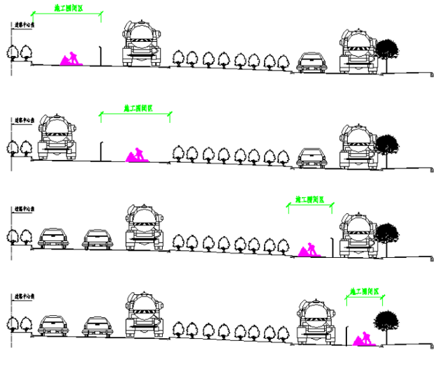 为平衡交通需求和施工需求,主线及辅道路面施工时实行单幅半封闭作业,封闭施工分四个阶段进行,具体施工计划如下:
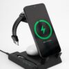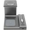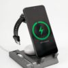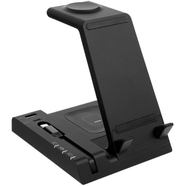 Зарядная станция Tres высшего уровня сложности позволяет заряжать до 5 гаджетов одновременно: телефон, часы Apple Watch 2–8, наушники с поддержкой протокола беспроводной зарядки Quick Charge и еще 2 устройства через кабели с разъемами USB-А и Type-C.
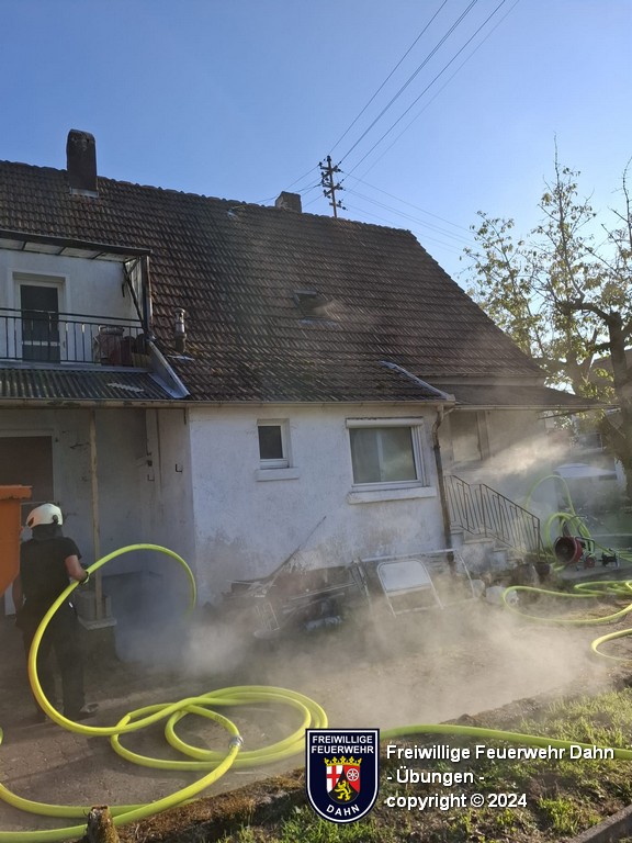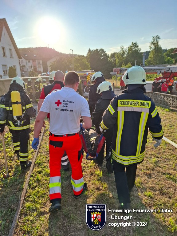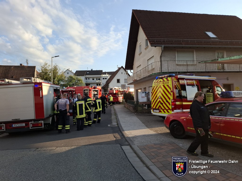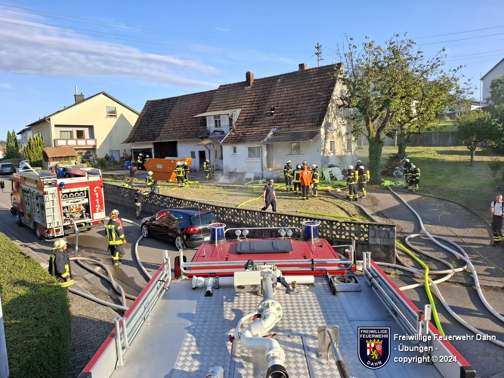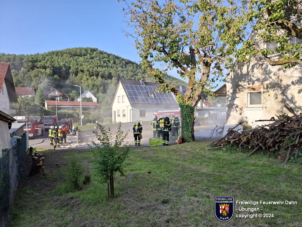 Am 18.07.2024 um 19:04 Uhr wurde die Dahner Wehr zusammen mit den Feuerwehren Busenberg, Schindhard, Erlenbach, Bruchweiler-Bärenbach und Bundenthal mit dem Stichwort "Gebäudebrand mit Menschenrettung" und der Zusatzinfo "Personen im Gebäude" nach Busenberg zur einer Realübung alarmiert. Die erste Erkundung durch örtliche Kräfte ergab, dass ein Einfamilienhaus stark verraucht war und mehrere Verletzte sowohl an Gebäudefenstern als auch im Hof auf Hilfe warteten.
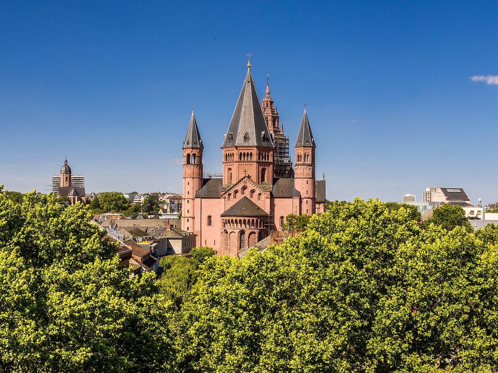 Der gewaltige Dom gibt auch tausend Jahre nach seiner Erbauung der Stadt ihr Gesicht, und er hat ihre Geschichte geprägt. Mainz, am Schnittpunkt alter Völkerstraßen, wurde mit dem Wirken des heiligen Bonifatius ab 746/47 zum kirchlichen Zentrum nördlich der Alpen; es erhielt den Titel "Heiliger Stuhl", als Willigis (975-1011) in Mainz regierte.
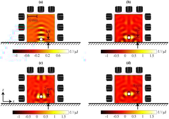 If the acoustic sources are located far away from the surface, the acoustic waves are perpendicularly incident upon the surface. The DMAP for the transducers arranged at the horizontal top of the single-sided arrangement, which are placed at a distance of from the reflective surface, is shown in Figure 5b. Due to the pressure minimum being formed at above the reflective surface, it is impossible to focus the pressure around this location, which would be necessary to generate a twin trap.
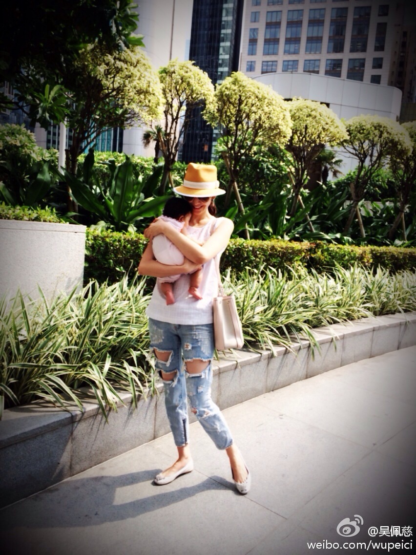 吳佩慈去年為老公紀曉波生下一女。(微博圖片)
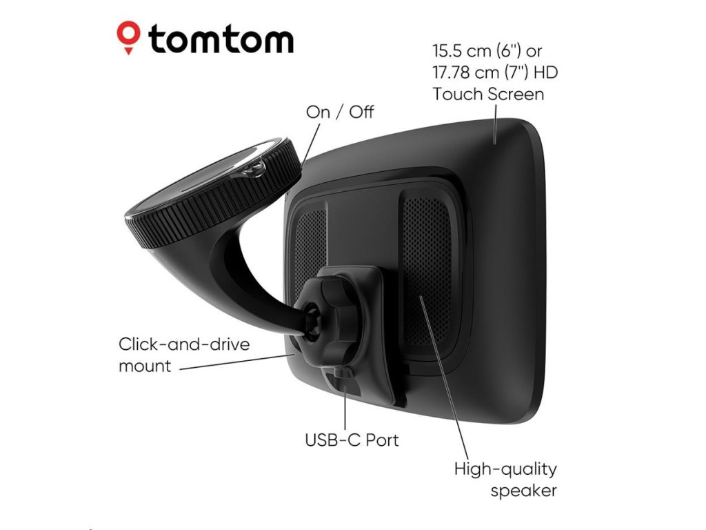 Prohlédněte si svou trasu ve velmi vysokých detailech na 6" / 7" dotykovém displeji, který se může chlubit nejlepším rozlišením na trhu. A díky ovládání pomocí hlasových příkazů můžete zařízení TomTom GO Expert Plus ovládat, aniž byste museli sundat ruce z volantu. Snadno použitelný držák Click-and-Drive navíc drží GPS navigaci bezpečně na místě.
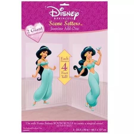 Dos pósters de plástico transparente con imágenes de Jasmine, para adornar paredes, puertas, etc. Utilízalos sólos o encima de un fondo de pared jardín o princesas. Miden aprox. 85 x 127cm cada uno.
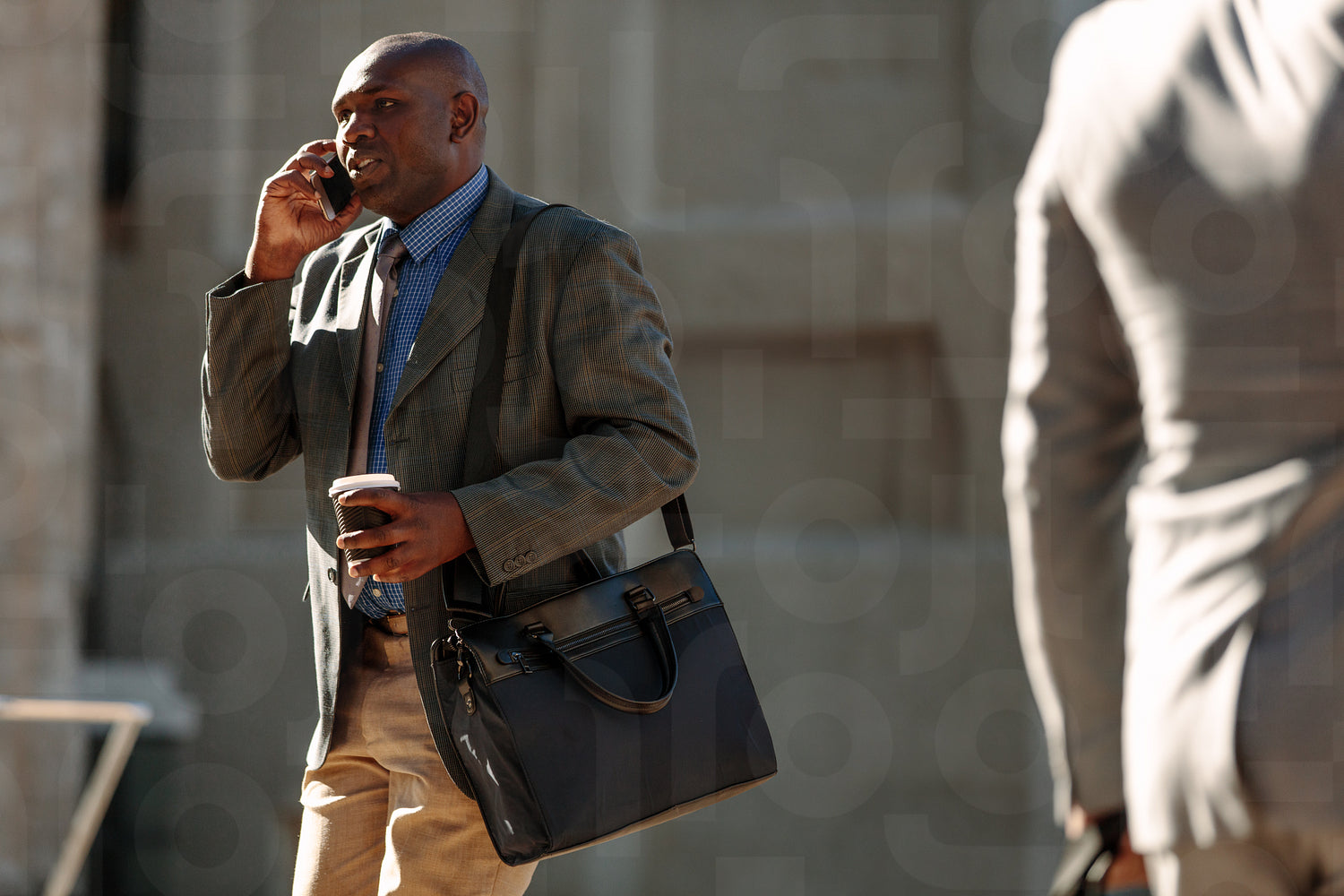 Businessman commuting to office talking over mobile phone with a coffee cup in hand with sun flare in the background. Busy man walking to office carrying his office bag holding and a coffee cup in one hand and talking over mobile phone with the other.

◆ **Work to complete**:
With the pictures omitted, set down each line exactly, starting at the first line of the records above and ending with the line that contains "Am 18.07.2024 um".

◆ **Expected answer**:
 为平衡交通需求和施工需求,主线及辅道路面施工时实行单幅半封闭作业,封闭施工分四个阶段进行,具体施工计划如下:
 Зарядная станция Tres высшего уровня сложности позволяет заряжать до 5 гаджетов одновременно: телефон, часы Apple Watch 2–8, наушники с поддержкой протокола беспроводной зарядки Quick Charge и еще 2 устройства через кабели с разъемами USB-А и Type-C.
 Am 18.07.2024 um 19:04 Uhr wurde die Dahner Wehr zusammen mit den Feuerwehren Busenberg, Schindhard, Erlenbach, Bruchweiler-Bärenbach und Bundenthal mit dem Stichwort "Gebäudebrand mit Menschenrettung" und der Zusatzinfo "Personen im Gebäude" nach Busenberg zur einer Realübung alarmiert. Die erste Erkundung durch örtliche Kräfte ergab, dass ein Einfamilienhaus stark verraucht war und mehrere Verletzte sowohl an Gebäudefenstern als auch im Hof auf Hilfe warteten.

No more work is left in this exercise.